Netanyahu has a reputation for having never supported a two-state outcome, believing rather in the eventual federation with or annexation of Palestine into a Greater Israel. His reference at the UN to a separately administered Gaza is consistent with this.

So too is an Israeli publication entitled Gaza 2035 issued by Netanyahu’s office in May, which identifies Gaza as a regional trade and technology hub, under some form of self-government. However, while the official status of the Gaza project is unclear, the intent is clear. Netanyahu’s reference to Judea and Samaria deliberately refers to the biblical land of Israel, also claimed as part of Greater Israel.

Other evidence of his support for Greater Israel is the rate at which he has allowed illegal Israeli settlements to expand throughout the West Bank and Jerusalem. The Israeli numbers now exceed 500,000 in the West Bank, and 250,000 in Jerusalem. The complications these pose for reaching any two-state settlement are formidable. Given all these factors, any move down the mutual solution pathway is unlikely without a change to imaginative and constructive leadership in both countries.

All this has implications for Australian policy, and national unity. Successive Australian governments, including Foreign Minister Penny Wong in her speech to the UNGA on 28 September, have identified our commitment to domestic and international peace, humanitarianism, justice, the rules of law, and opposition to extremism and violence in a multicultural environment. Importantly, all Australian citizens have the right to express different views within these policy parameters, but not if those actions incite violence.
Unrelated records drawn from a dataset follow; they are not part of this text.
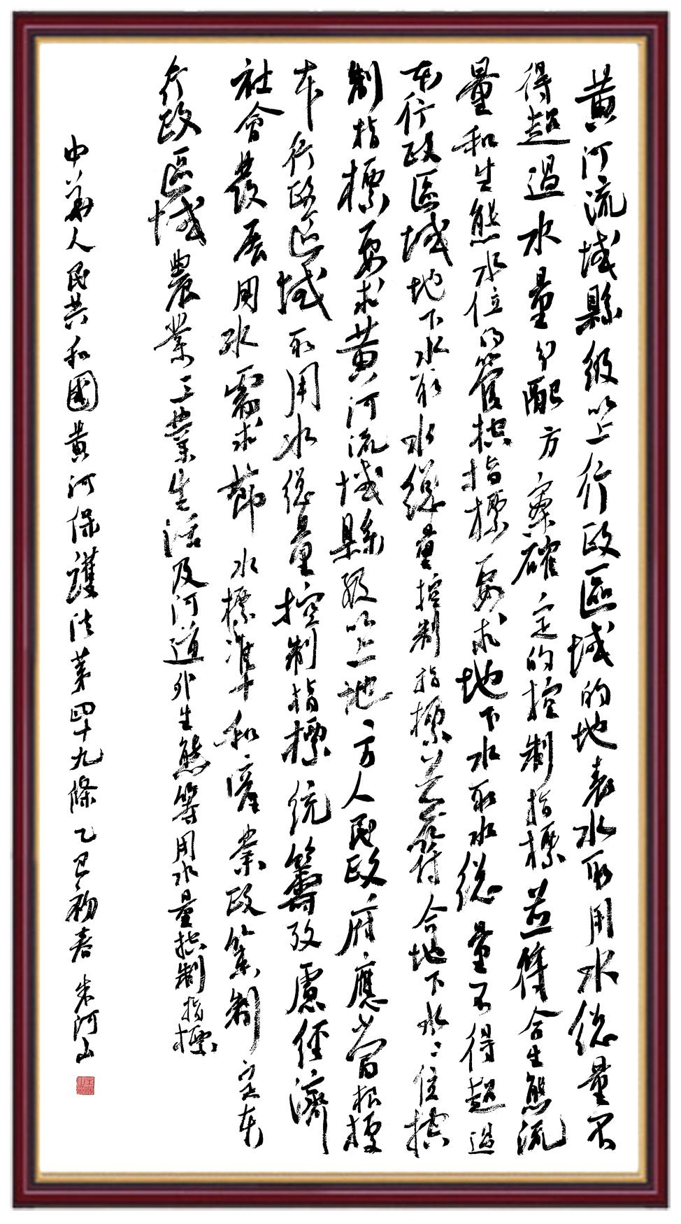 黃河寧,天下平。黃河是中華民族的發(fā)源地和搖籃,保護黃河是事關中華民族偉大復興的千秋大計?!吨腥A人民共和國黃河保護法》為推進水資源節(jié)約集約利用、保護傳承弘揚黃河文化、推動黃河流域生態(tài)保護和高質量發(fā)展提供了有力法治保障。繼書寫《中華人民共和國民法典》《中華人民共和國憲法》《中華人民共和國澳門特別行政區(qū)基本法》《中華人民共和國香港特別行政區(qū)基本法》《中華人民共和國國旗法》《中華人民共和國國徽法》《中華人民共和國國歌法》《中華人民共和國法官法》等法律法規(guī)之后,法制日報社聯(lián)合沿黃九?。▍^(qū))司法廳、書法家協(xié)會,將筆端對準《中華人民共和國黃河保護法》。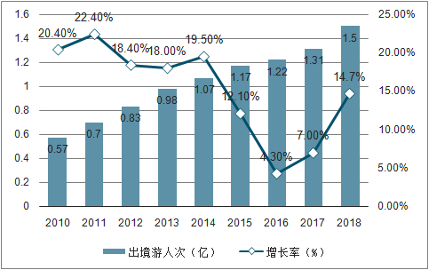 还是以疫情前的数据为准(疫情后不具备参考性),2018年全国出境游人次高达1.5亿,并且,每一年都有巨大增长。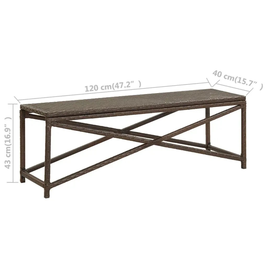 Vidaxl Bench Brown Polyethylene Rattan And Powder-Coated Steel 47.2 In
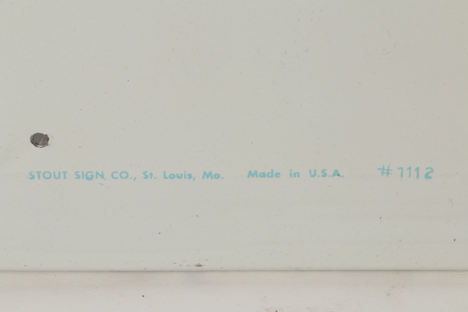 Marked, "Stout SIgn Co. St Louis, MO- Made in USA" lower left edge. 54.25" x 18". Minor touch up along right edge. $600-800.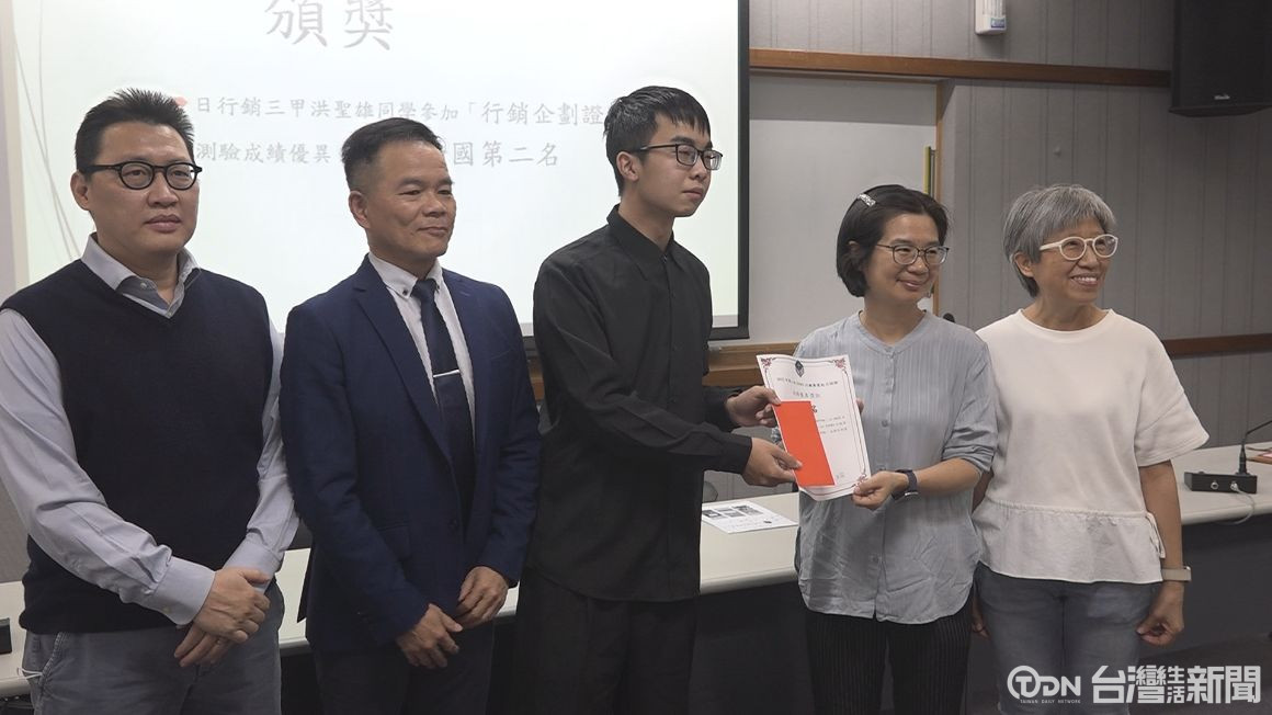 能在全國近1500人的競爭中,奪得行銷企劃認證第2名佳績,實在是不簡單,台灣行銷科學學會,專程到南開科技大學,為學生洪聖雄頒發獎狀和獎金。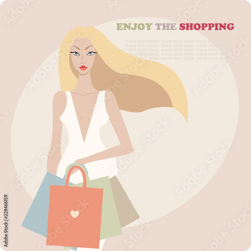 Young stylish beautiful woman wearing luxury dress and holding shopping bags. Fashion model vector illustration.Sale,perfect buys,boutique,shop.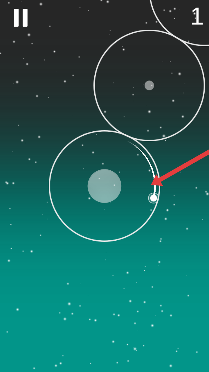 2、操控白色小球沿軌道繞中心天體運(yùn)動(dòng),保持小球始終在白色圓環(huán)區(qū)域內(nèi)穿梭,規(guī)避邊界碰撞,右上角數(shù)字為當(dāng)前積分。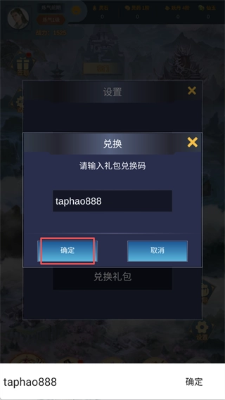 3、输入上方礼包码点击确定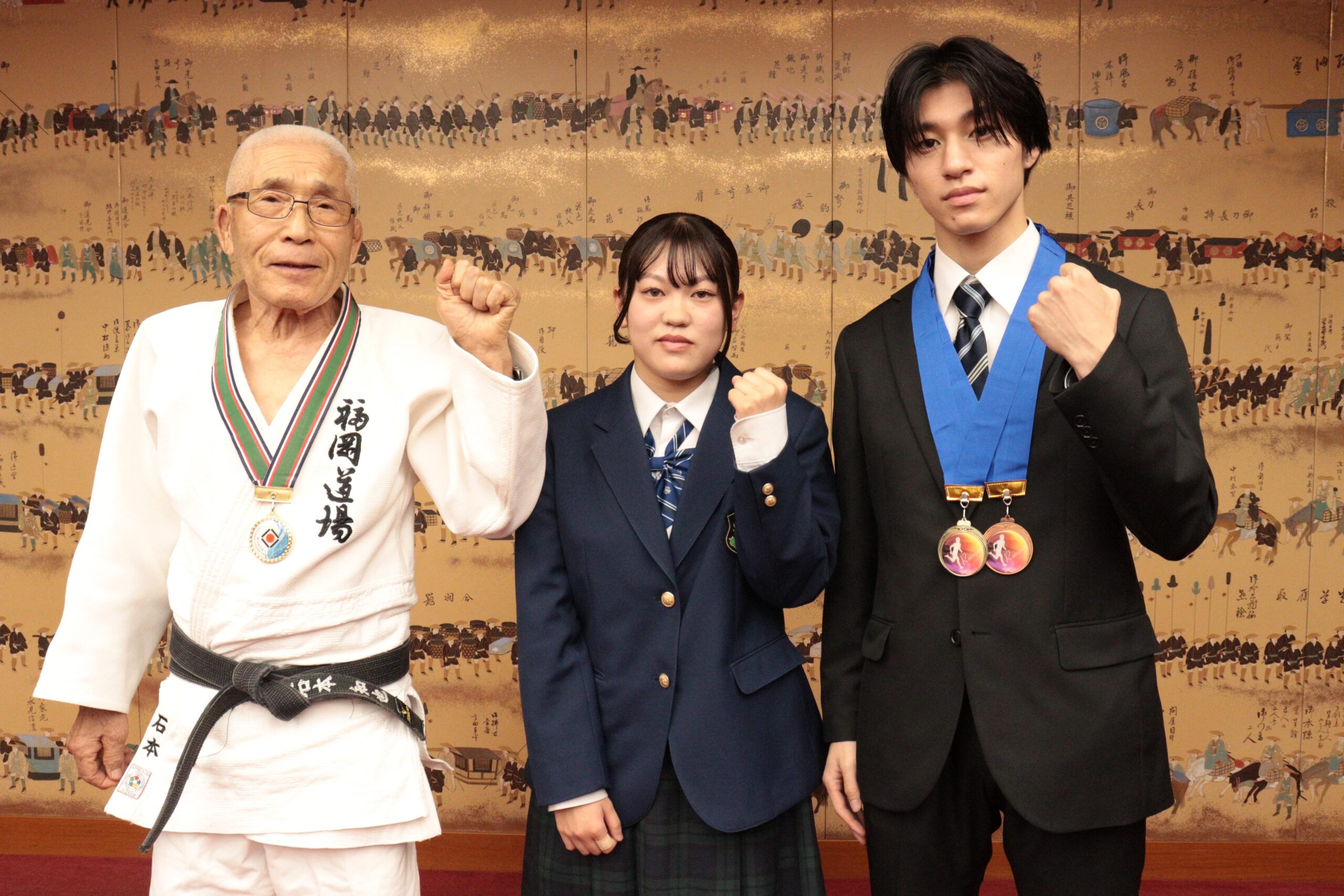 全国、国際大会で快挙を達成した選手3人=岡山県津山市で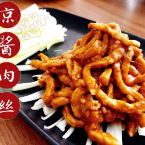 锅中油热(油少许),加入甜面酱炒酱,加入少量葱姜水,酱炒至有粘稠度。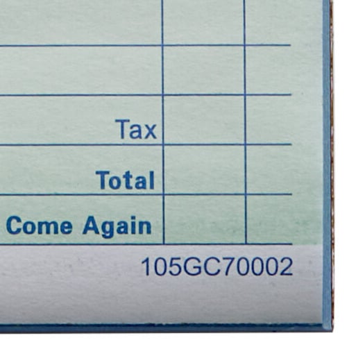 Featuring a green print on crisp, white paper for easy readability, this Choice 2 part guest check will help to increase productivity in your restaurant or diner! It gives your staff the tools that are necessary for them to collect and bill orders quickly and accurately. Plus, since each sheet is bound into a pad of 50, you’ll never have to worry about loose sheets or mixed up orders, again.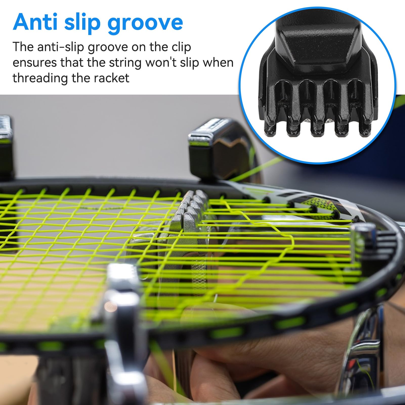 NON SLIP SLOT: Black tennis machine string clamp can securely hold strings in place. The badminton machine stringing pliers's non slip slots ensure that the strings stay put and don't slip while you string your racket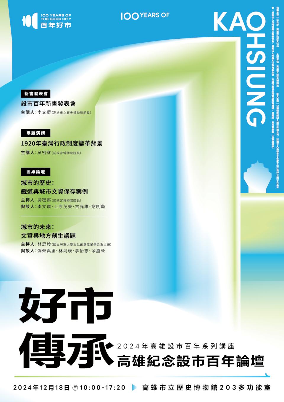 高史館12月18日「好市傳承─高雄紀念設市百年論壇」 官網開放預約報名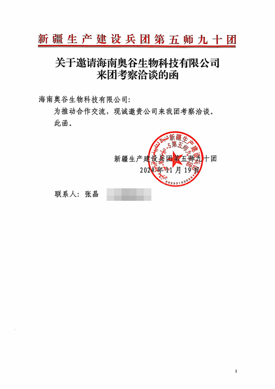 新疆生產(chǎn)建設(shè)兵團(tuán)第五師九十團(tuán)達(dá)成意向合作
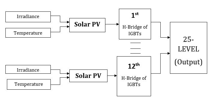 The most popular renewable energy source used to supplyelectricityissolarenergy.owingtotheappealing quality of solar energy. The suggested model includes a photovoltaic system with twelve independent solar PV arrays that uses to obtained a 25-level H-bridge multilevel inverter. To fulfill the maximum demand of load twelve standalone PV array is used Twelve hybrid bridges with a particular switching topology are used to convert the input dc voltage to an ac voltage with different levels on the output side. Switching losses can be reduced by employing IGBT. Figure 3.1 is a block diagramoftheproposedmodelofthe25-levelHMLI.The suggested 25-level hybrid cascaded multilevel inverter's output is seen in Figure 3.2.PWM controlled method is usedforswitchingtopologywithreferencesinewave. Fig- 3.1.BlockDiagramof25-LevelHMLI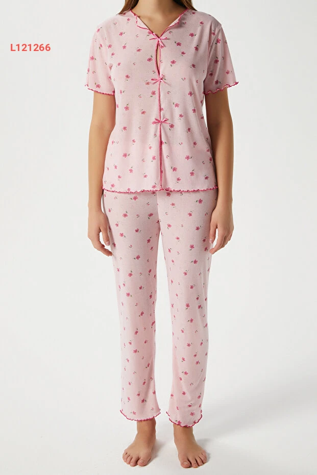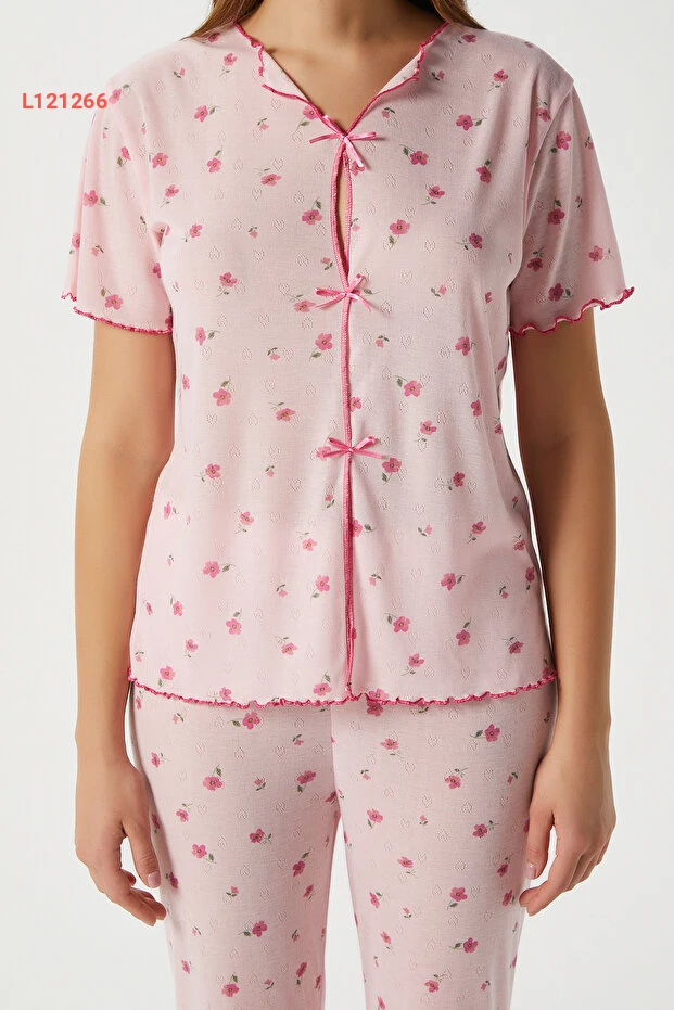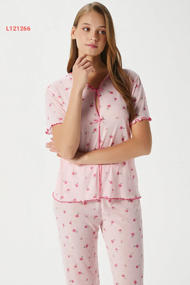 استمتعي بأمسية من الراحة والأناقة مع طقم البيجامة النسائي من Ritnice، المزود برباط أنيق وزهور وردية ناعمة. مصنوع من قماش ناعم يوفر لكِ شعورًا بالراحة طوال الليل، حيث يجمع بين الجمال والراحة ليمنحك طلة رائعة حتى في ساعات النوم. ارتدي هذه البيجامة لتضيفي لمسة من الأنوثة إلى لياليك.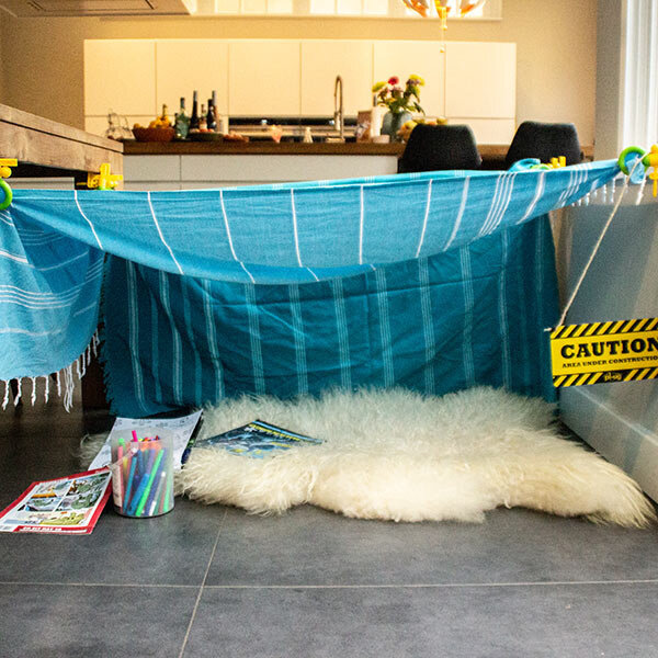 Avec Pl-ug tent kit, vous pouvez facilement construire la plus belle tente à l'intérieur ou à l'extérieur n'importe où, sans utiliser d'outils! Utilisez des objets autour de vous tels que des chaises, des fenêtres, des appuis de fenêtre et des tables d'appoint. Fixez le crochet, le bâton, la pince ou la ventouse de votre Pl-ug tent kit, assemblez la poignée et tirez le tissu à travers. Pl-ug est un joli système de construction de tente que les enfants de tous âges apprécient en laissant libre cours à leur imagination. Avec Pl-ug une tente différente chaque jour!

Domestically, emotions, prejudice, and misinformation about the Middle East have been rampant, and it’s clear some writers and protestors are unsure what they are writing or protesting about. Opposing Israeli or Palestinian government policies or actions does not automatically mean supporting antisemitism or islamophobia. Being pro-Palestine does not mean being pro-Hamas, and similarly, Australia’s support to recognise Palestine’s full membership to the UN does not mean rewarding Hamas.

The Middle East is not going to settle down anytime soon. Nor, as Wong said, will Australia be a central player in that settlement. Yet it’s important that, despite domestic and international differences, we are informed players and can contribute constructively, and minimize the dangers of disunity.

This article was published by the Australian Institute for International Affairs.